## Material to process
++++

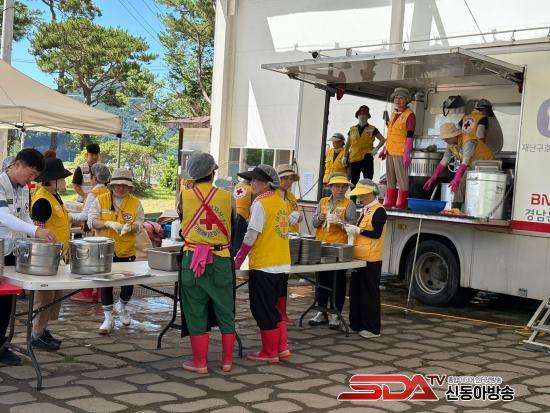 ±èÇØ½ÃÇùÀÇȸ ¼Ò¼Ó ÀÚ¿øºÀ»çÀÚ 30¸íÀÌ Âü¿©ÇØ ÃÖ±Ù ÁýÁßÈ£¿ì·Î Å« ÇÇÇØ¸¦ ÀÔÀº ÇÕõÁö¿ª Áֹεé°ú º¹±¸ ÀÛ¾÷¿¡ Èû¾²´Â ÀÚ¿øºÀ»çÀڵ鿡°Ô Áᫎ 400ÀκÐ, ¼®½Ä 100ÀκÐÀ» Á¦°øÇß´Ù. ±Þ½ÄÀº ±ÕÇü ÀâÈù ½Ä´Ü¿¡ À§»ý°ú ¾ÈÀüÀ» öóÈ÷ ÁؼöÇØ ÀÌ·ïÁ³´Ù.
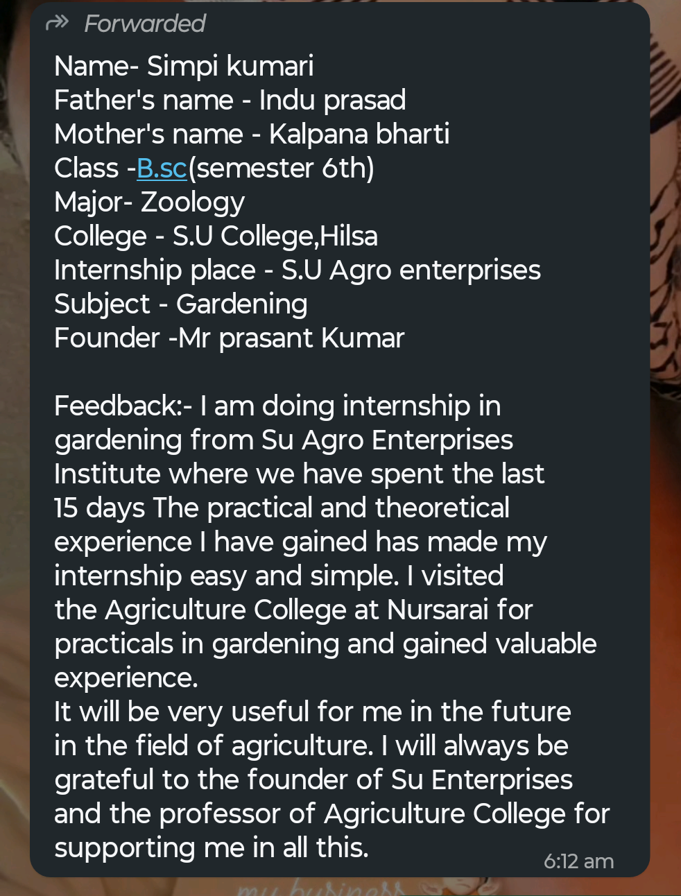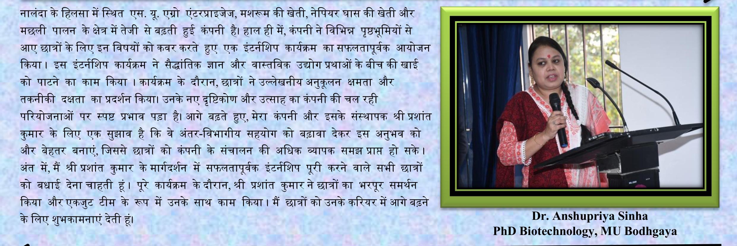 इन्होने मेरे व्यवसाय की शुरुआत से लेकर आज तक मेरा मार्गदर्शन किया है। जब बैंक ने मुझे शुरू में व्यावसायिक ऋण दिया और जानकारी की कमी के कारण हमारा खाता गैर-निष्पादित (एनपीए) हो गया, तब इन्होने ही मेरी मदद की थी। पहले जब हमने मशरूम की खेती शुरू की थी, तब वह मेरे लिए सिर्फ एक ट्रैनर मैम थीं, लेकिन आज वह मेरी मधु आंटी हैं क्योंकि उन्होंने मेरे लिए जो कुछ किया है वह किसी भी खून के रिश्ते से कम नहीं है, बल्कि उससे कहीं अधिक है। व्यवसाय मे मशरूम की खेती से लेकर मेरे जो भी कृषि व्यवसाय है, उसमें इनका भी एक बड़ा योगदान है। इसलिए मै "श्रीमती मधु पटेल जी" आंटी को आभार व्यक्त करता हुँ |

++++

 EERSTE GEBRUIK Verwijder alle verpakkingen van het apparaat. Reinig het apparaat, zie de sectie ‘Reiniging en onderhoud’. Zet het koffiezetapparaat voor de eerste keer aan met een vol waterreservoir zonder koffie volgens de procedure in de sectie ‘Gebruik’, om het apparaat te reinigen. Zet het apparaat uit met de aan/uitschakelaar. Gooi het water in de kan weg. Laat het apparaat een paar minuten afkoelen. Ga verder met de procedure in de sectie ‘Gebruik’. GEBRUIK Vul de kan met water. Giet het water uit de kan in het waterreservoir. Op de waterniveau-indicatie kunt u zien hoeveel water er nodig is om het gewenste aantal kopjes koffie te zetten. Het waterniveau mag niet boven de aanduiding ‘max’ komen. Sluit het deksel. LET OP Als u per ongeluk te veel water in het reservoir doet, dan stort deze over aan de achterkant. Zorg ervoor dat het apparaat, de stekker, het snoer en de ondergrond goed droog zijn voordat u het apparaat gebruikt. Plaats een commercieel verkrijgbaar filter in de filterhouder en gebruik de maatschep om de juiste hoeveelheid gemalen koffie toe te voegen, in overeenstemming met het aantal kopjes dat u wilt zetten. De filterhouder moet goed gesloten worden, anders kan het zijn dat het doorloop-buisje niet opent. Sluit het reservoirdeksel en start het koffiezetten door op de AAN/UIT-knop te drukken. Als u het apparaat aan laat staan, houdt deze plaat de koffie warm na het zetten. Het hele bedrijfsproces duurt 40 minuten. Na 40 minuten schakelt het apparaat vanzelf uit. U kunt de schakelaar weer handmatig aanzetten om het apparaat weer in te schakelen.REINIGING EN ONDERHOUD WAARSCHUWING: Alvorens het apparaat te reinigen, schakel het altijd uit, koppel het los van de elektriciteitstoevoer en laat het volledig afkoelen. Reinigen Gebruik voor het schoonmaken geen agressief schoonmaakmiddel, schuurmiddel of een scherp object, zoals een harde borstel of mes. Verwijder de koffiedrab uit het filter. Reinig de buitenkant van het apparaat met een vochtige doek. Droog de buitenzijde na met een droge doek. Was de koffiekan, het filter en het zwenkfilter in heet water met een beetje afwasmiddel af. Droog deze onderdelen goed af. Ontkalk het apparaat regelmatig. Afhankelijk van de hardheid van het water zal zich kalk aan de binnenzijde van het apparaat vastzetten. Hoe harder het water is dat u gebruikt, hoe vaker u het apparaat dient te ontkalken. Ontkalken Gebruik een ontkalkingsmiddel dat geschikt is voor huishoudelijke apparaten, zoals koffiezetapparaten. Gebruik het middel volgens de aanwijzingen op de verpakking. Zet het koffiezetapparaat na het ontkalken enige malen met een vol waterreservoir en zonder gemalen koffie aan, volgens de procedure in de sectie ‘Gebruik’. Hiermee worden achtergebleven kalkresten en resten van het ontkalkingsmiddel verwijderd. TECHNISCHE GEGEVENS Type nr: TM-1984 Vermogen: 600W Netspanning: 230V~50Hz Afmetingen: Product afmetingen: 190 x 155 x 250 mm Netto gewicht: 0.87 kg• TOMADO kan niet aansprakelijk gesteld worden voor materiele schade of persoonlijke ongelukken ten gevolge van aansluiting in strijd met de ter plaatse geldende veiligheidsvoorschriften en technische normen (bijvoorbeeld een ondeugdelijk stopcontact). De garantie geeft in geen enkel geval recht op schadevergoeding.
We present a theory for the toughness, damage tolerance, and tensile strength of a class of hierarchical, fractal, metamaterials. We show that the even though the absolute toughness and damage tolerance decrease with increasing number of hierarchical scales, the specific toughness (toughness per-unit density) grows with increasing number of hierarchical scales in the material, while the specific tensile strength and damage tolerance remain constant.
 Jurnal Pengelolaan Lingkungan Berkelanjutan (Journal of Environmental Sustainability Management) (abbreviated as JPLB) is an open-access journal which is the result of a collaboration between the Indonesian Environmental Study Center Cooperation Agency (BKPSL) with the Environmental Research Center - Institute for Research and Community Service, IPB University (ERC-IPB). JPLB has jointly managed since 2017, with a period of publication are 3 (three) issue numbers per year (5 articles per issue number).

++++

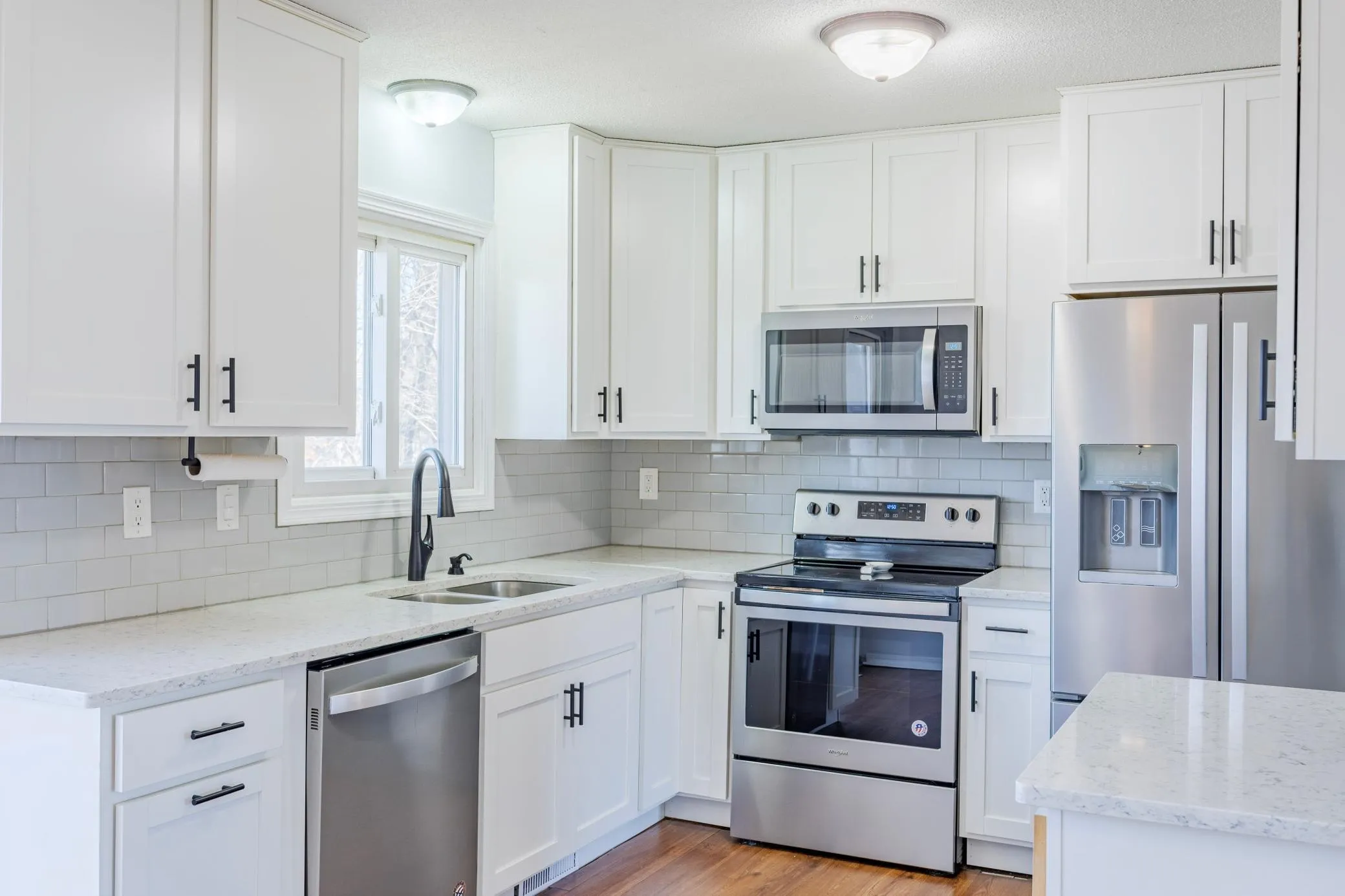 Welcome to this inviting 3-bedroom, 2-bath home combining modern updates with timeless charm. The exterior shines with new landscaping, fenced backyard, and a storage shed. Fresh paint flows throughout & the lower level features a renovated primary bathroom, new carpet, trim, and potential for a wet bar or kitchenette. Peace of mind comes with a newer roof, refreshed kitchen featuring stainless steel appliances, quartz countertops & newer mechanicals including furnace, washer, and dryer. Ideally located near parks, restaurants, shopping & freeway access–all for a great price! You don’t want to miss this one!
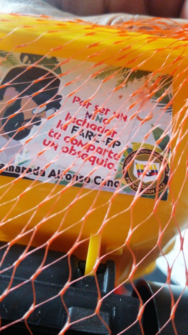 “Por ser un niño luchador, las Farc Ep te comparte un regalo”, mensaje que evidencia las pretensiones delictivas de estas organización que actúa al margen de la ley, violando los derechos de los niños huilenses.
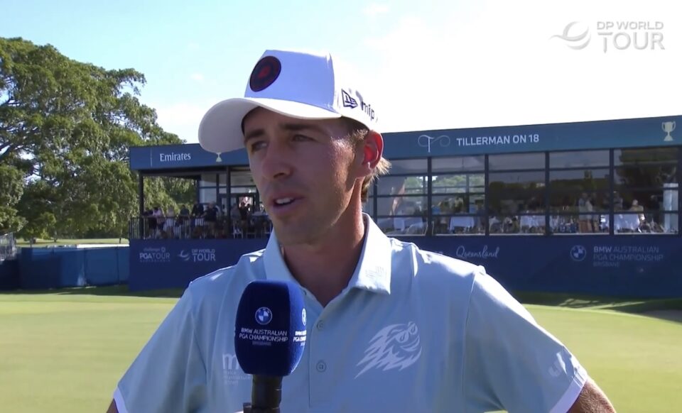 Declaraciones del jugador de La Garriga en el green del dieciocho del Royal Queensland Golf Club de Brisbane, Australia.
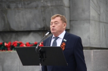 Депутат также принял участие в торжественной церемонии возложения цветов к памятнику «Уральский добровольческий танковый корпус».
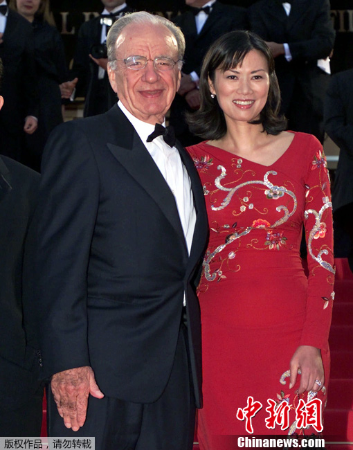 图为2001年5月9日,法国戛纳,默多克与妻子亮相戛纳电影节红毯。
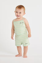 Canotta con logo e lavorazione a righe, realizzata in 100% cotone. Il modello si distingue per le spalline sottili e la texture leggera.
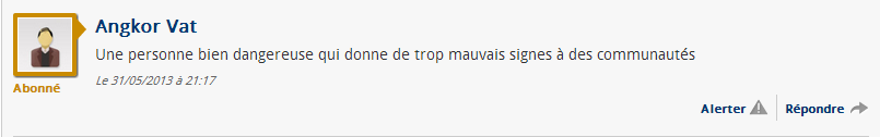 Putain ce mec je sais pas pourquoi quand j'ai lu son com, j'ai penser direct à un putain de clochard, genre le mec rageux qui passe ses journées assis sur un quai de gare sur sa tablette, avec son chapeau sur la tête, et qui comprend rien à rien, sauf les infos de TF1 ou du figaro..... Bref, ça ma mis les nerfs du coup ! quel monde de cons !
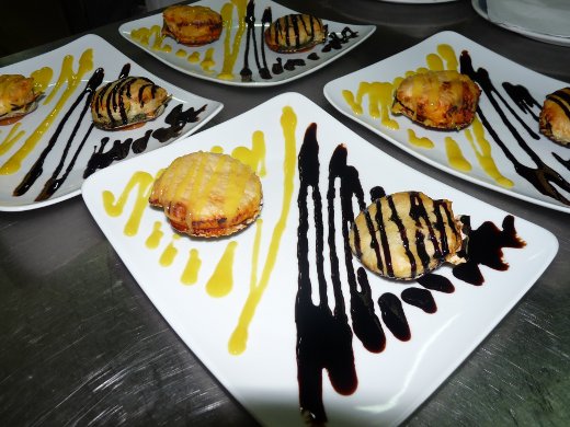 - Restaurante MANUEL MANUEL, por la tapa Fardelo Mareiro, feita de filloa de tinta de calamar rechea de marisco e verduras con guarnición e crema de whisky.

++++

## Problem statement
Copy each line of the records containing the string "number".

## Your response
We present a theory for the toughness, damage tolerance, and tensile strength of a class of hierarchical, fractal, metamaterials. We show that the even though the absolute toughness and damage tolerance decrease with increasing number of hierarchical scales, the specific toughness (toughness per-unit density) grows with increasing number of hierarchical scales in the material, while the specific tensile strength and damage tolerance remain constant.
 Jurnal Pengelolaan Lingkungan Berkelanjutan (Journal of Environmental Sustainability Management) (abbreviated as JPLB) is an open-access journal which is the result of a collaboration between the Indonesian Environmental Study Center Cooperation Agency (BKPSL) with the Environmental Research Center - Institute for Research and Community Service, IPB University (ERC-IPB). JPLB has jointly managed since 2017, with a period of publication are 3 (three) issue numbers per year (5 articles per issue number).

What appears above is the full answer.